[[ Information given, beginning ]]
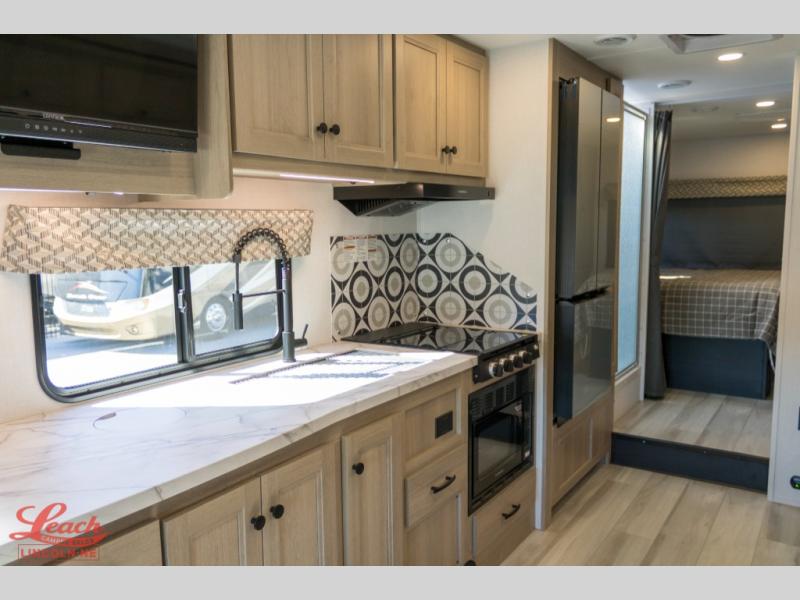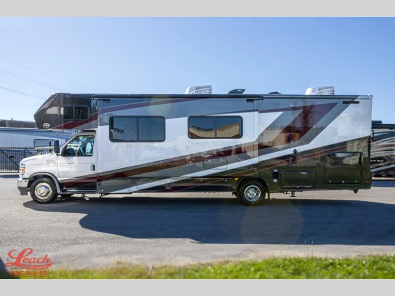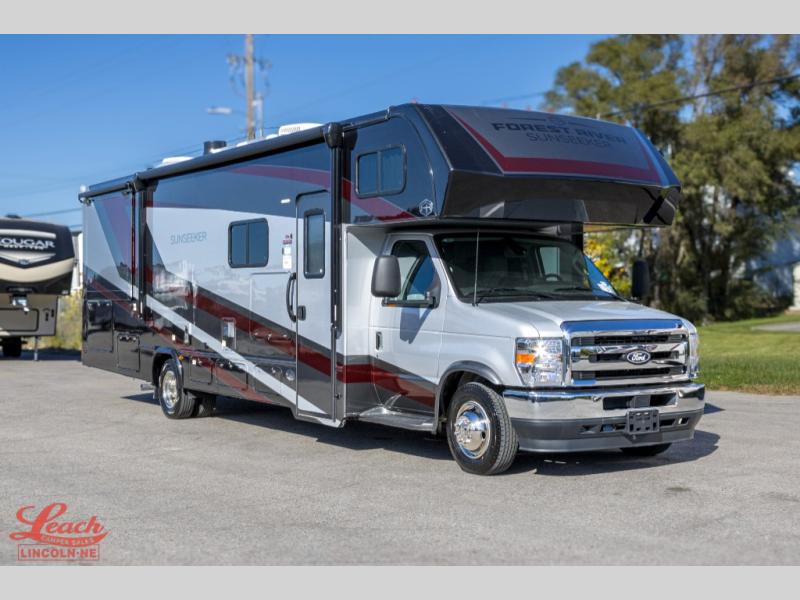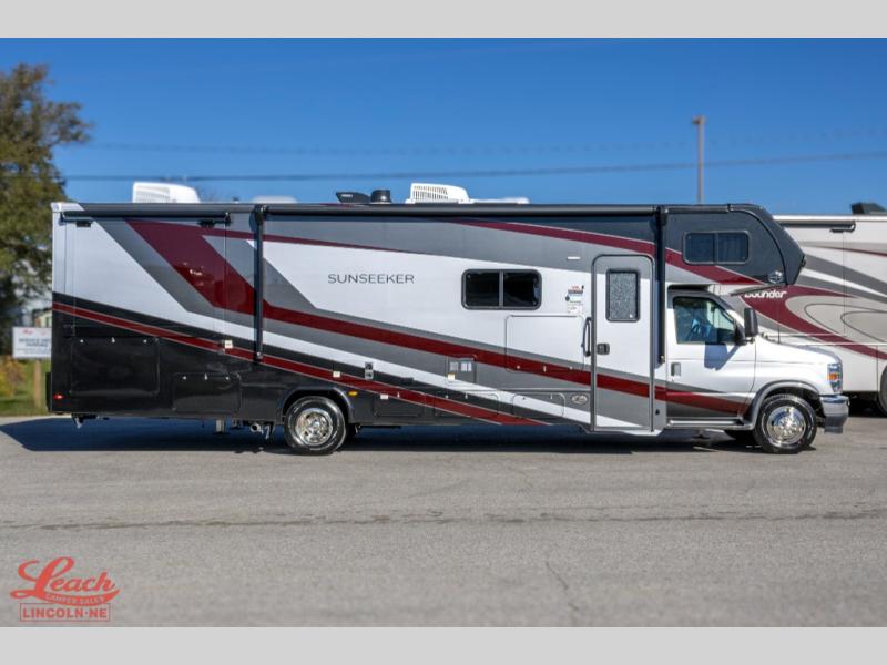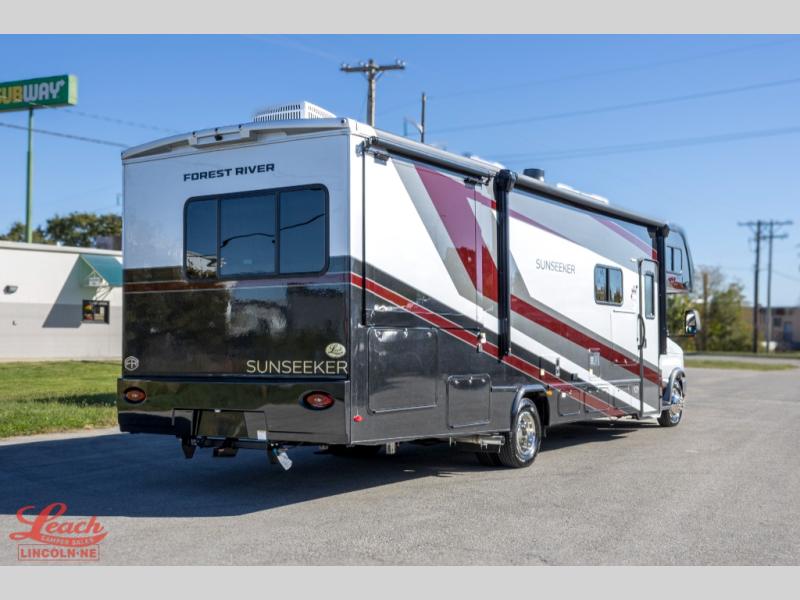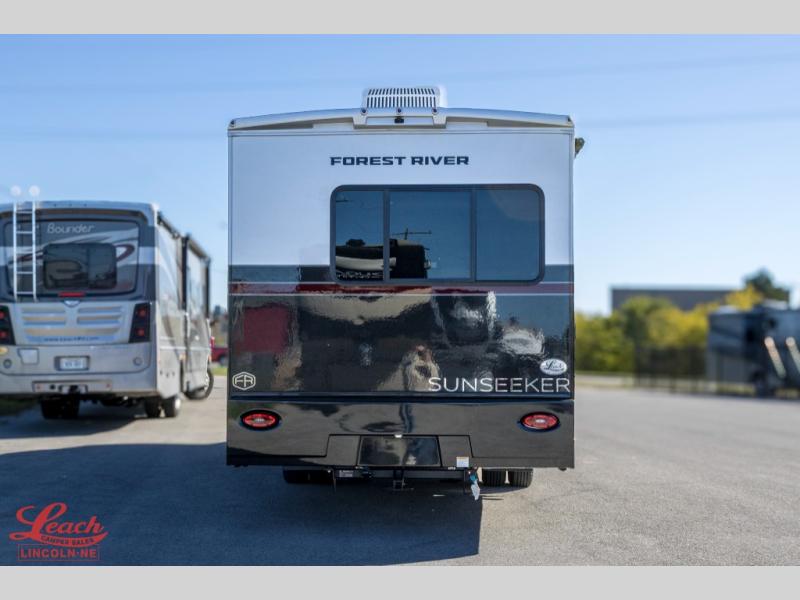 With any Sunseeker Class C gas motorhome by Forest River, you will enjoy more features and quality construction at a great value! Each model comes standard with a fiberglass roof and 2" aluminum framed laminated sidewalls for maximum durability. The Winegard Air 360+ digital antenna is your all-in-one solution for your internet, TV, and FM signal needs, and you have Gateway 4G Wi-Fi capability too. The exterior has an outside shower, heated/enclosed tanks, Rotocast storage compartments, and a power awning with an LED light strip to name a few conveniences. Each drive will be made easy thanks to a 10" touchscreen CarPlay/Android radio with USB and Bluetooth, backup camera/side view cameras with a 3-way monitor, and Ultraleather seating for added comfort. You'll also love the black out roller shades, soft touch self-closing drawer guides, oxygen-infused shower head with a flexible extension, and many more interior comforts!
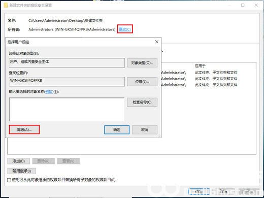 步骤2:接下来,点击“所有者”后面的【更改】按钮。在“选择用户或组”的窗口中点击【高级】按钮。
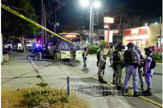 ACAPULCO, GUERRERO, 25ENERO2025.- Una mujer fue herida a balazos cuando viajaba en un camión en la avenida Costera en la zona turística de Caleta. La mujer fue atendida por parámedicos de la Cruz Roja y trasladada a un hospital, mientras el camión quedó resguardado por agentes de la Guardia Nacional y policías, para que se realizarán el peritaje de ley. FOTO: CARLOS CARBAJAL/CUARTOSCURO.COM
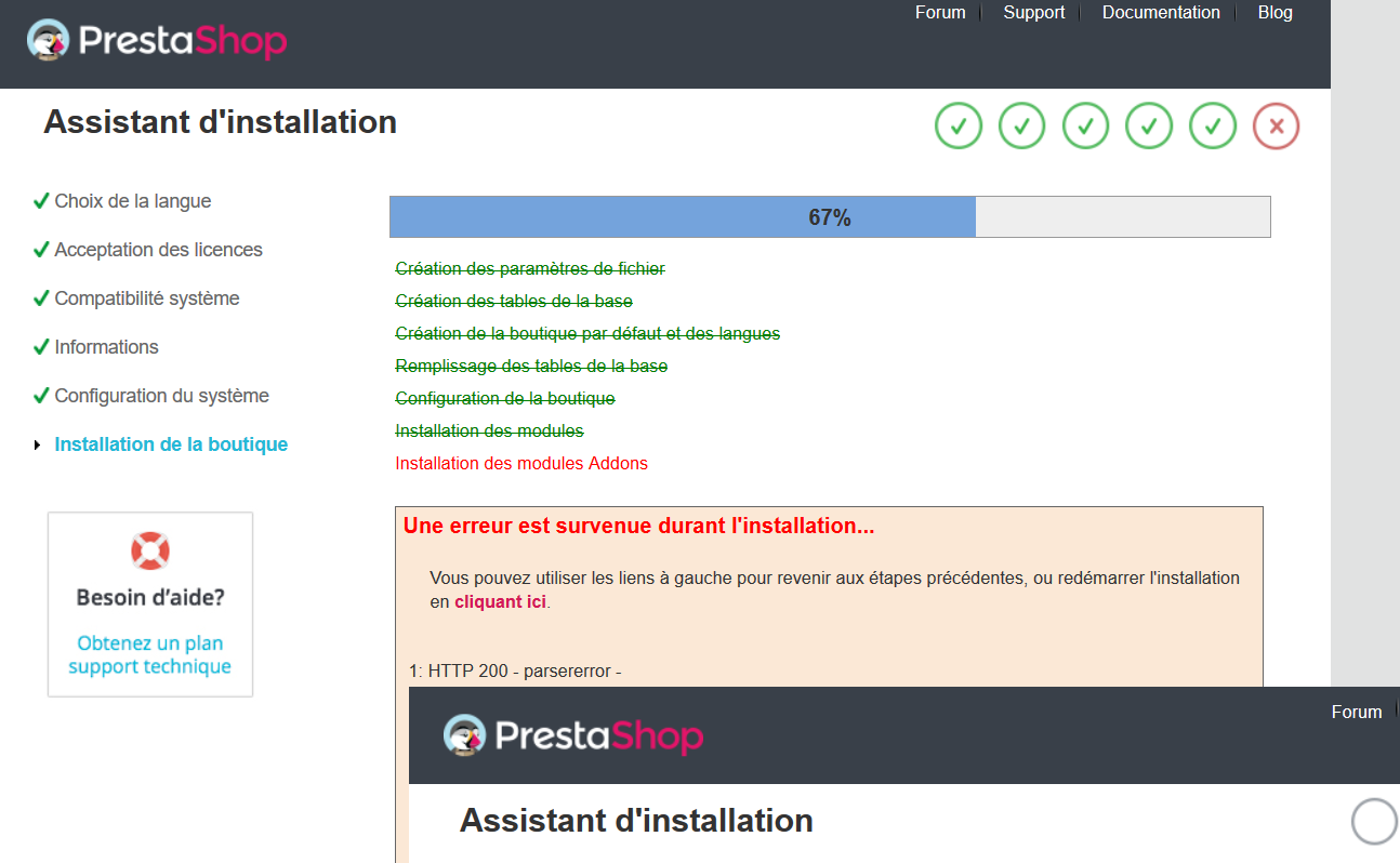 Lorsque j'essaye d'installer PrestaShop 1.7.6.2 sur mon VPS, l'installation plante toujours au même moment.
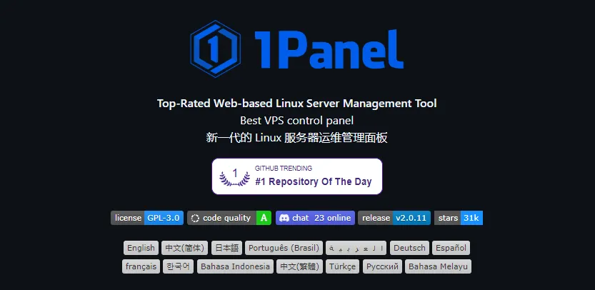 今天,我要分享给大家的是一个令人瞩目的开源项目:1Panel。
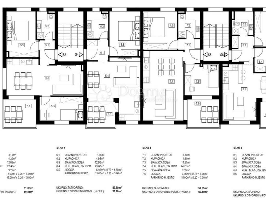 Ukupno s otvorenim površinama (+koef.): 60,05 m
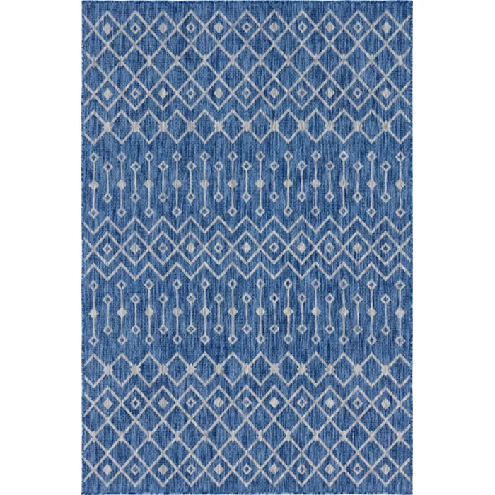 Unique Loom Outdoor Tribal Trellis Rug in Blue/Ivory Rectangular 3145028
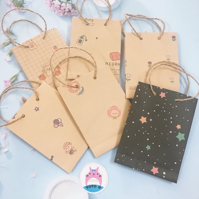 Giới thiệu Túi giấy mini vintage kraft họa tiết có quai xinh xắn 12.5 x 9 x 3cm (mẫu ngẫu nhiên)
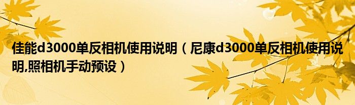大家好,小常来为大家解答以上问题。佳能d3000单反相机使用说明,尼康d3000单反相机使用说明,照相机手动预设很多人还不知道,现在让我们一起来看看吧!
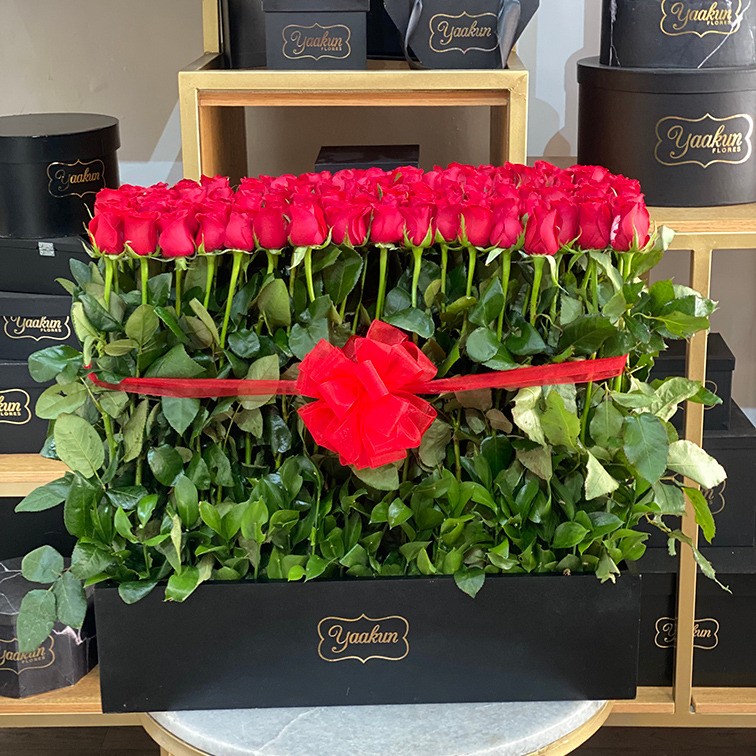 Este espectacular diseño está montado como un jardín sobre una caja negra Yaakun. Consta de 150 rosas rojas y tiene una medida aproximada de 60 cm de largo. El regalo perfecto para alguien especial.
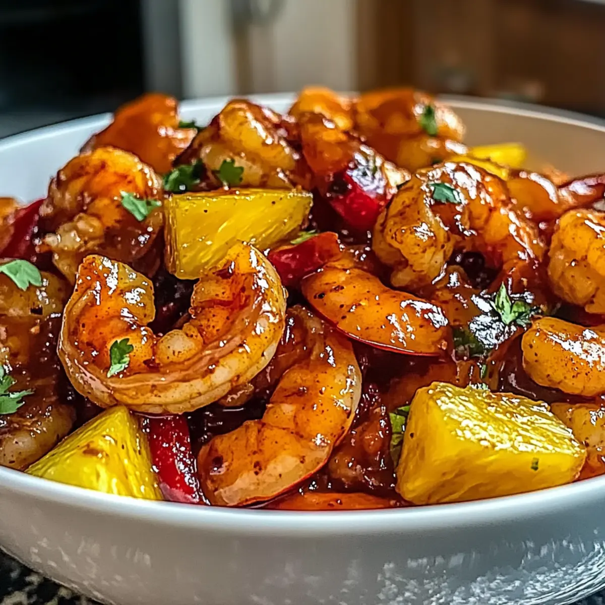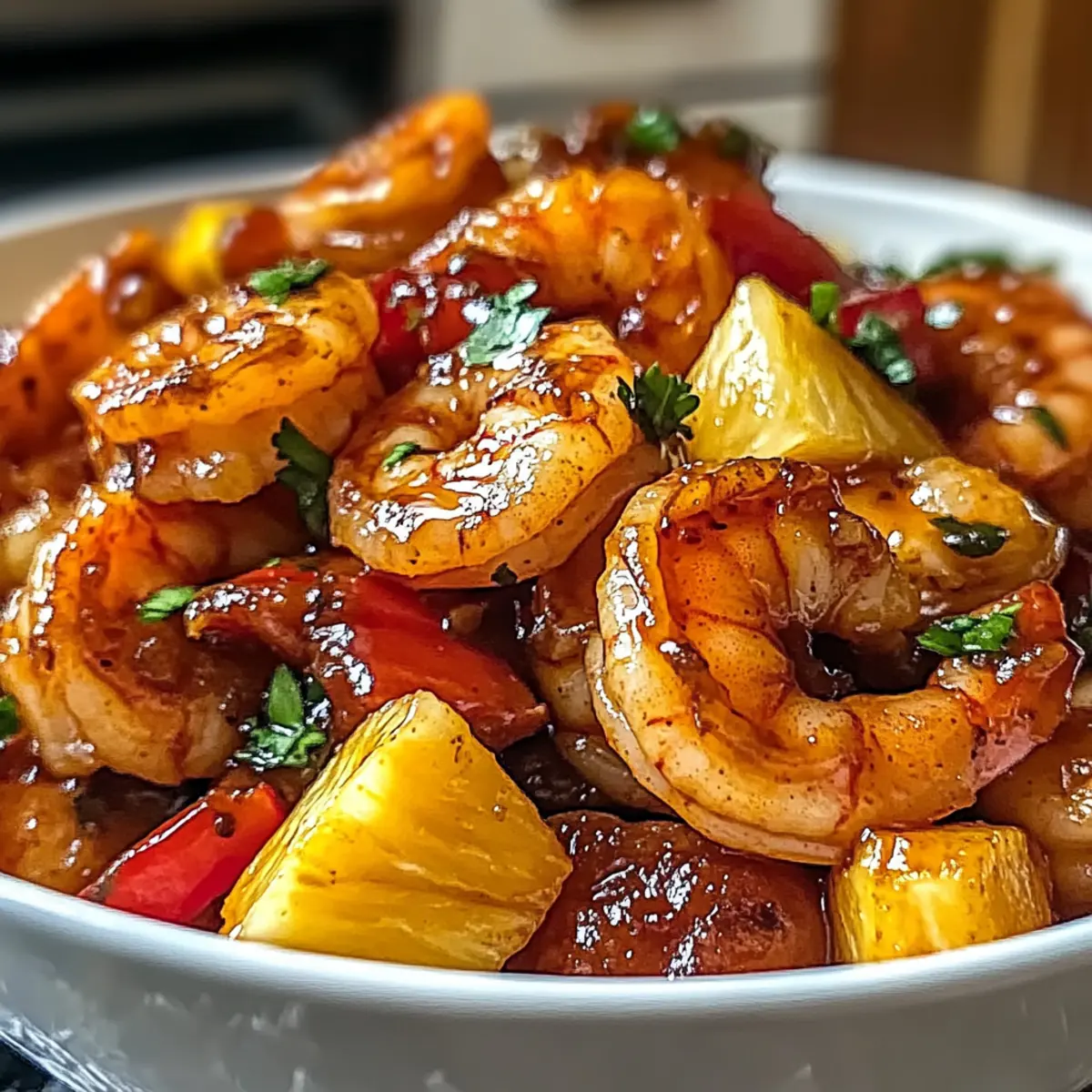 Jump to Recipe Print RecipeThe tantalizing aroma of sweet and spicy goodness fills the kitchen as I whip up one of my all-time favorites: Sweet Chili Pineapple Shrimp. This dish is a delightful fusion of flavors, bringing together tender shrimp and juicy pineapple coated in a luscious sweet chili sauce that dances on your palate. What I love most about this recipe is how quick it is to prepare—perfect for bustling weeknight dinners or when entertaining guests. Plus, it’s incredibly versatile; you can easily customize it by tossing in your favorite veggies or adding a squeeze of fresh lime juice for that extra zesty pop. Are you ready to transform your dinner routine with this tropical delight? Let’s dive in! Why is this shrimp dish so special? Quick and Easy: You can whip up this delightful Sweet Chili Pineapple Shrimp in just 30 minutes, making it a fantastic choice for busy weeknights or spontaneous gatherings. Flavor Party: The fusion of sweet pineapple and spicy chili sauce creates a flavor explosion that will keep your taste buds dancing! Customizable: Feel free to add your favorite veggies like bell peppers or snap peas, or swap the shrimp for chicken or tofu for a unique twist. Visually Stunning: The vibrant colors of the shrimp and pineapple make this dish a showstopper that impresses your guests while enhancing your dinner table’s aesthetics. Healthy Choice: Packed with lean protein and vitamins from the pineapple, this dish is not only delicious but also nutritious. Serve it over jasmine rice or alongside a fresh salad for a complete meal that satisfies. If you’re looking for more tropical flavors, you can check out Garlic Chili Oil for a bold option or complement this dish with Pineapple Chicken Rice. Sweet Chili Pineapple Shrimp Ingredients For the Shrimp Shrimp – Opt for wild-caught shrimp for superior flavor; frozen shrimp works too, just ensure they are thawed before use. Sweet Chili Sauce – This key ingredient adds the perfect balance of sweetness and spice; make a quick substitute by combining honey and sriracha if needed. Soy Sauce – Enhance the dish’s umami flavor with low-sodium soy sauce if you’re watching your salt intake. For the Flavor Base Garlic – Freshly minced garlic infuses aromatic flavor that elevates your dish to another level. Ginger – Freshly grated ginger adds a warm zest that complements the shrimp beautifully. For the Fruity Twist Pineapple – Fresh pineapple is preferred for its juiciness; canned pineapple is a convenient alternative, just make sure it’s well-drained. For Cooking Olive Oil – Use olive oil for cooking the shrimp; feel free to substitute with your favorite cooking oil if desired. Optional Enhancements Cilantro – Fresh cilantro can be used for garnish; it not only adds a pop of color but also brightens the flavors. Lime Juice – A splash of lime juice brings a refreshing acidity that enhances the dish. Red Pepper Flakes – For those who like it hot, sprinkle in some red pepper flakes to kick up the spice level. Dive into this vibrant and flavorful Sweet Chili Pineapple Shrimp—a dish that’s not just easy to make but also a feast for the eyes and the palate! Step‑by‑Step Instructions for Sweet Chili Pineapple Shrimp Step 1: Marinate the Shrimp In a mixing bowl, combine the shrimp with sweet chili sauce, soy sauce, minced garlic, and freshly grated ginger. Toss everything together until the shrimp are evenly coated. Let the mixture marinate in the refrigerator for 15 to 30 minutes, allowing the flavors to meld beautifully. Your shrimp should take on a lovely glaze that will enhance the dish’s overall taste. Step 2: Prepare the Pineapple While the shrimp marinate, prepare your pineapple for the Sweet Chili Pineapple Shrimp. If using fresh pineapple, cut it into bite-sized chunks, ensuring you remove the core. For canned pineapple, simply drain it well to avoid excess moisture. Set it aside, as you’ll add this sweet tanginess to the skillet shortly. Step 3: Cook the Shrimp Heat a large skillet over medium-high heat and drizzle in olive oil, allowing it to warm up for about a minute. Once the oil is shimmering, carefully add the marinated shrimp to the pan. Cook them for 2 to 3 minutes on each side, or until the shrimp turn pink and opaque—this indicates they are cooked perfectly and ready to bring the dish to life. Step 4: Combine Pineapple and Shrimp After the shrimp are cooked, it’s time to elevate your Sweet Chili Pineapple Shrimp! Add the prepared pineapple to the skillet and stir gently to combine, ensuring everything is well mixed. Cook for an additional 2 to 3 minutes until the pineapple is warmed through and slightly caramelized, adding that beautiful tropical flavor to the dish. Step 5: Serve and Garnish Once cooked, plate your Sweet Chili Pineapple Shrimp and admire the vibrant colors. For an extra flourish, garnish the dish with freshly chopped cilantro and a squeeze of lime juice if desired. This last touch not only adds visual appeal but also a burst of freshness that brightens every bite. Make Ahead Options These Sweet Chili Pineapple Shrimp are perfect for busy weeknights and meal prep enthusiasts! You can marinate the shrimp in the sweet chili sauce mixture up to 24 hours in advance, ensuring the flavors penetrate deeply for a more delicious dish. Additionally, you can chop the pineapple and store it in an airtight container in the refrigerator for 3 days. When you’re ready to enjoy this delightful meal, simply cook the marinated shrimp and pineapple together in a skillet as directed. This way, you’ll save precious time without compromising the vibrant flavors and quality of your meal. Enjoy a taste of the tropics with minimal effort! Sweet Chili Pineapple Shrimp Variations Explore the endless possibilities to elevate your Sweet Chili Pineapple Shrimp and make it uniquely yours! Add Vegetables: Toss in bell peppers, snap peas, or broccoli for added crunch and vibrant color.
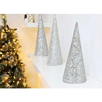 Christmas Concepts® Set of 3 Various Size Christmas Cone Trees Decorations with Sequins and Beads (Silver)
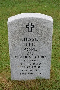 Jesse, son of Jesse Lee Pope, Sr. and Susie Farmer, married to Mary Faye Lormand and buried in Houston National Cemetery, Houston, Harris County, Texas.
[[ Information given, end ]]
» **Required work**:
Return exactly what appears from the opening line of the material through the line with "Giới thiệu Túi", apart from the pictures.

» **Result for this exercise**:
 With any Sunseeker Class C gas motorhome by Forest River, you will enjoy more features and quality construction at a great value! Each model comes standard with a fiberglass roof and 2" aluminum framed laminated sidewalls for maximum durability. The Winegard Air 360+ digital antenna is your all-in-one solution for your internet, TV, and FM signal needs, and you have Gateway 4G Wi-Fi capability too. The exterior has an outside shower, heated/enclosed tanks, Rotocast storage compartments, and a power awning with an LED light strip to name a few conveniences. Each drive will be made easy thanks to a 10" touchscreen CarPlay/Android radio with USB and Bluetooth, backup camera/side view cameras with a 3-way monitor, and Ultraleather seating for added comfort. You'll also love the black out roller shades, soft touch self-closing drawer guides, oxygen-infused shower head with a flexible extension, and many more interior comforts!
 步骤2:接下来,点击“所有者”后面的【更改】按钮。在“选择用户或组”的窗口中点击【高级】按钮。
 ACAPULCO, GUERRERO, 25ENERO2025.- Una mujer fue herida a balazos cuando viajaba en un camión en la avenida Costera en la zona turística de Caleta. La mujer fue atendida por parámedicos de la Cruz Roja y trasladada a un hospital, mientras el camión quedó resguardado por agentes de la Guardia Nacional y policías, para que se realizarán el peritaje de ley. FOTO: CARLOS CARBAJAL/CUARTOSCURO.COM
 Lorsque j'essaye d'installer PrestaShop 1.7.6.2 sur mon VPS, l'installation plante toujours au même moment.
 今天,我要分享给大家的是一个令人瞩目的开源项目:1Panel。
 Ukupno s otvorenim površinama (+koef.): 60,05 m
 Unique Loom Outdoor Tribal Trellis Rug in Blue/Ivory Rectangular 3145028
 Giới thiệu Túi giấy mini vintage kraft họa tiết có quai xinh xắn 12.5 x 9 x 3cm (mẫu ngẫu nhiên)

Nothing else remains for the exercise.